Gather all lines in the entries that include the word "between".

== == ==

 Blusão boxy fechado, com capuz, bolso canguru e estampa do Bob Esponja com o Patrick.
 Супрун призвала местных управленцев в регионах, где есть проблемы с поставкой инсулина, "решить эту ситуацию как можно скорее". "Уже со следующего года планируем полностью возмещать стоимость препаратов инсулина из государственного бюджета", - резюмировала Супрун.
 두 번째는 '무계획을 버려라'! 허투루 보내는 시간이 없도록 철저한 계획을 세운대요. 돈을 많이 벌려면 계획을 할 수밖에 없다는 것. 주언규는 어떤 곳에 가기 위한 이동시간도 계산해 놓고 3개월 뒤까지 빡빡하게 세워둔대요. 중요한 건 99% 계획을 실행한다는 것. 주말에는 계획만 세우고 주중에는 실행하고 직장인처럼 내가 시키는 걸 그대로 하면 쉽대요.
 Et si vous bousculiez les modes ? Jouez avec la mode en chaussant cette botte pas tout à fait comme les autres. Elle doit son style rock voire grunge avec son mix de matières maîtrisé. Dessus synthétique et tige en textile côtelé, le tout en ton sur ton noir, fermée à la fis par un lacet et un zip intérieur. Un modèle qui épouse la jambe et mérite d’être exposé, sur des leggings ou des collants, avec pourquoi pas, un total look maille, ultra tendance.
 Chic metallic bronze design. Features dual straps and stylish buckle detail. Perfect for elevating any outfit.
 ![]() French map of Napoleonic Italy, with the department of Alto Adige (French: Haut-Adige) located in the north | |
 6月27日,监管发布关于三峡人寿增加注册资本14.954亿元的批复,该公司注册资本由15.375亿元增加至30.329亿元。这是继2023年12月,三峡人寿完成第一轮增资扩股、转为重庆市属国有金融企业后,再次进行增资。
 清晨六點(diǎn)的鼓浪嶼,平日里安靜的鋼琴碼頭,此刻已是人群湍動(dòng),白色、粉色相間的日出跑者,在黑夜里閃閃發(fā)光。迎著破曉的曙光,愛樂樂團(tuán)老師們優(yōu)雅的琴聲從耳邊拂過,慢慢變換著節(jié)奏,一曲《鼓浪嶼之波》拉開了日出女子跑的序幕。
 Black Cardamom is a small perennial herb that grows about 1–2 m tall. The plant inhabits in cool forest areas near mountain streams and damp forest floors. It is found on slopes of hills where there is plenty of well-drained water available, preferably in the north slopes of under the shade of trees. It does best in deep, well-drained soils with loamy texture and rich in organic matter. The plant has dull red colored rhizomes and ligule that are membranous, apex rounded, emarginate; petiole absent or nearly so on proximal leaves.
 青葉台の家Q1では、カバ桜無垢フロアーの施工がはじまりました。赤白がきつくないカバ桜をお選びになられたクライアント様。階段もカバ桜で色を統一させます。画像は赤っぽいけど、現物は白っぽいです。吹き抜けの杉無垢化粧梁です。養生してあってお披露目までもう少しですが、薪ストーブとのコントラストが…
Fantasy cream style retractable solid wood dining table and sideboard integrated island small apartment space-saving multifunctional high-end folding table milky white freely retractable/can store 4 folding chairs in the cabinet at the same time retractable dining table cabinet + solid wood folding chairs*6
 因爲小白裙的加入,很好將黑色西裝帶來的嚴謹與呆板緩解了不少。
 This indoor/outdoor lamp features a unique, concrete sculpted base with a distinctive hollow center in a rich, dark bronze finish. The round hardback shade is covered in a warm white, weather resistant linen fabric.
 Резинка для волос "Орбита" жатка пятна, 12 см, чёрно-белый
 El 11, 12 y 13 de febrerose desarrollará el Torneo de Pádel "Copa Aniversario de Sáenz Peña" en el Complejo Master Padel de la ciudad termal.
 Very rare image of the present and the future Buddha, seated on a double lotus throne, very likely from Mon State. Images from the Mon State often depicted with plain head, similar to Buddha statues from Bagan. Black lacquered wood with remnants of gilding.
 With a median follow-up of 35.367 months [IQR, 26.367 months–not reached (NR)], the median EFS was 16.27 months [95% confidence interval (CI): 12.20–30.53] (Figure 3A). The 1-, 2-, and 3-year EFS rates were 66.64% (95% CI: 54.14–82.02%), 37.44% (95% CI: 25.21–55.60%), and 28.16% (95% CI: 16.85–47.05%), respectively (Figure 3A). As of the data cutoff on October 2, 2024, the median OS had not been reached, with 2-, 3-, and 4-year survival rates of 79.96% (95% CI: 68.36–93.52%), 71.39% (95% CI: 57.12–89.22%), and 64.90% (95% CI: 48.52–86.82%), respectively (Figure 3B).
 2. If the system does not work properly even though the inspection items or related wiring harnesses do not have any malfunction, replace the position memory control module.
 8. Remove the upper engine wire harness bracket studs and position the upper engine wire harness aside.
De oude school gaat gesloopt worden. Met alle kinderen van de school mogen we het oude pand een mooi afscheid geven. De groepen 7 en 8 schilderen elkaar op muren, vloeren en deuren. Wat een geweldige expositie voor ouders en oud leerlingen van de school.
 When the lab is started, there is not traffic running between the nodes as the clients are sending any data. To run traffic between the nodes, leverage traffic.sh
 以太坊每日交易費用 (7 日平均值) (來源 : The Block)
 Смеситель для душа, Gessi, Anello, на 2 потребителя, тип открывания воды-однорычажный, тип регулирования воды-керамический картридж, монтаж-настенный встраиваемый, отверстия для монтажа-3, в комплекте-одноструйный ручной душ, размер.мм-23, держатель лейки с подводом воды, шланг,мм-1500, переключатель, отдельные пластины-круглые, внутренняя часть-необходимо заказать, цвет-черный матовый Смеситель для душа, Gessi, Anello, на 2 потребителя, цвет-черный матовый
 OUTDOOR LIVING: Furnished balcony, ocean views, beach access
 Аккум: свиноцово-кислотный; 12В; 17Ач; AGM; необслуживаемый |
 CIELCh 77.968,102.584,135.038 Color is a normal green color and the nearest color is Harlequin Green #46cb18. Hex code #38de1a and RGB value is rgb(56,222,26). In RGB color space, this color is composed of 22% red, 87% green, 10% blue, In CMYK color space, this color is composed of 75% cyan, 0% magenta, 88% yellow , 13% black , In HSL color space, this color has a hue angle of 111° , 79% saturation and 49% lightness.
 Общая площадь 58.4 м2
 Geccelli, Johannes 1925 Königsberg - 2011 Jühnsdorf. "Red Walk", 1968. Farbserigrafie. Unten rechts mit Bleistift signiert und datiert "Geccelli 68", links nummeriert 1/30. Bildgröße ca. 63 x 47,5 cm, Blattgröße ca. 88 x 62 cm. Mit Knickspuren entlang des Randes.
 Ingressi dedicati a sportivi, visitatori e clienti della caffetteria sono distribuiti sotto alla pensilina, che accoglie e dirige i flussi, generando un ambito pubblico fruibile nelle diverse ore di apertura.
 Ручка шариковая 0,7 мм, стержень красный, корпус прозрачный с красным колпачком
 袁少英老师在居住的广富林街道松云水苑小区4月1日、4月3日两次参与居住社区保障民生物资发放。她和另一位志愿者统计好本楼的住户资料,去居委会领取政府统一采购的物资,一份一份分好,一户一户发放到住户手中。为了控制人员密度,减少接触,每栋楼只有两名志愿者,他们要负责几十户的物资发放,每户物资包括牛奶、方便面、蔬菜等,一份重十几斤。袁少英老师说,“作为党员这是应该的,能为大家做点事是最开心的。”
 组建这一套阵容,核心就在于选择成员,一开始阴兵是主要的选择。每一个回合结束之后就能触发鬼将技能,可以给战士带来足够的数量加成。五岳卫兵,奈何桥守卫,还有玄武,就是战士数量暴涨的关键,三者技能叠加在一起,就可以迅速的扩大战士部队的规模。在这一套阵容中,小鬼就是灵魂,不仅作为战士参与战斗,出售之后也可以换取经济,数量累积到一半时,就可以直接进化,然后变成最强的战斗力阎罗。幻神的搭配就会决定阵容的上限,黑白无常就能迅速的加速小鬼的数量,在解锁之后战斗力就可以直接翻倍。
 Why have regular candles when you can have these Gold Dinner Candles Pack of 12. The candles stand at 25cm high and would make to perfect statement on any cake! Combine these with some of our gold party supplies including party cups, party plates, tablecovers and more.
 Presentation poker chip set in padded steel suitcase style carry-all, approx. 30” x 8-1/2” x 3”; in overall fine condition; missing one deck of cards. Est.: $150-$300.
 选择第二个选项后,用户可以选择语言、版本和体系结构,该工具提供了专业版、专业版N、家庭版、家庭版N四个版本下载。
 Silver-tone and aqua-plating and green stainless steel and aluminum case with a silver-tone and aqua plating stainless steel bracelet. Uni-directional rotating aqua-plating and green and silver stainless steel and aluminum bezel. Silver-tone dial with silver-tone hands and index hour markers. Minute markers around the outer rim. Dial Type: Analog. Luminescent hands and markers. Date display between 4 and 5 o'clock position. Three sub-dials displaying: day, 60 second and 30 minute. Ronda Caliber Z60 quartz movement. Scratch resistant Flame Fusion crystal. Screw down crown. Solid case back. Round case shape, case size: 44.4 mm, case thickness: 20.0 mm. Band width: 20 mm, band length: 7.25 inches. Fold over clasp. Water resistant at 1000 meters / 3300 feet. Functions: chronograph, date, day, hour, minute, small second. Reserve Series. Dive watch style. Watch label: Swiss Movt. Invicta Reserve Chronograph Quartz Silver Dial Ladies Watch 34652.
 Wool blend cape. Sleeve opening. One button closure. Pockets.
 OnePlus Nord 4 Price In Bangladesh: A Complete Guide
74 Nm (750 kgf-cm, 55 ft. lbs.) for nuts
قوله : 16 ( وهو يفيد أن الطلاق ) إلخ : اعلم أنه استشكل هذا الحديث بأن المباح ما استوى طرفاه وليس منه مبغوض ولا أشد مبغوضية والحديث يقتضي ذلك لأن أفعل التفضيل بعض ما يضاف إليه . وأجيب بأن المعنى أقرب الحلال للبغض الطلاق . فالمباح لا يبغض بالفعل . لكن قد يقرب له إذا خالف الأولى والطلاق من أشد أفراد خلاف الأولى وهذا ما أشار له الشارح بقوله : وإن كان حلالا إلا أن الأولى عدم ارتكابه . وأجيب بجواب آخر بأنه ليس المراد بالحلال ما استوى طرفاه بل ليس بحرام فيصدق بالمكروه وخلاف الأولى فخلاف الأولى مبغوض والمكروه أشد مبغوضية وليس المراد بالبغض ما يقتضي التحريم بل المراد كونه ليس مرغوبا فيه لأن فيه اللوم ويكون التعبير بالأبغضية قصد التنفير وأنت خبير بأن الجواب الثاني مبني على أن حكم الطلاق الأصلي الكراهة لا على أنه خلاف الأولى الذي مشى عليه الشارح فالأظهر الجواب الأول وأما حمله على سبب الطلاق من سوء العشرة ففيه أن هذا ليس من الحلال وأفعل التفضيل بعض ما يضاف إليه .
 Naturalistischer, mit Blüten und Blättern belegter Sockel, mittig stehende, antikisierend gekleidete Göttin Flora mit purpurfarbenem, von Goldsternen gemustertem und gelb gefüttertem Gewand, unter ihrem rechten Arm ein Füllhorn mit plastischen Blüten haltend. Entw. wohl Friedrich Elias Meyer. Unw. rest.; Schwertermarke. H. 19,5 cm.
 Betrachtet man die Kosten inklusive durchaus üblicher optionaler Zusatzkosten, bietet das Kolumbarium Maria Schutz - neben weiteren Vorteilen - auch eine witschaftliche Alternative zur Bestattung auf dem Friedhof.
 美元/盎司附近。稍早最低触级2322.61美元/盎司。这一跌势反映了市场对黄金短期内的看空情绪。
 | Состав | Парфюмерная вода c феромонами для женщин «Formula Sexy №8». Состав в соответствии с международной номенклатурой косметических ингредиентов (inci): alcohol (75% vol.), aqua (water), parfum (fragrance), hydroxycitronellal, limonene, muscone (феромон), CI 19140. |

== == ==

**Solution to the exercise**
 When the lab is started, there is not traffic running between the nodes as the clients are sending any data. To run traffic between the nodes, leverage traffic.sh
 Silver-tone and aqua-plating and green stainless steel and aluminum case with a silver-tone and aqua plating stainless steel bracelet. Uni-directional rotating aqua-plating and green and silver stainless steel and aluminum bezel. Silver-tone dial with silver-tone hands and index hour markers. Minute markers around the outer rim. Dial Type: Analog. Luminescent hands and markers. Date display between 4 and 5 o'clock position. Three sub-dials displaying: day, 60 second and 30 minute. Ronda Caliber Z60 quartz movement. Scratch resistant Flame Fusion crystal. Screw down crown. Solid case back. Round case shape, case size: 44.4 mm, case thickness: 20.0 mm. Band width: 20 mm, band length: 7.25 inches. Fold over clasp. Water resistant at 1000 meters / 3300 feet. Functions: chronograph, date, day, hour, minute, small second. Reserve Series. Dive watch style. Watch label: Swiss Movt. Invicta Reserve Chronograph Quartz Silver Dial Ladies Watch 34652.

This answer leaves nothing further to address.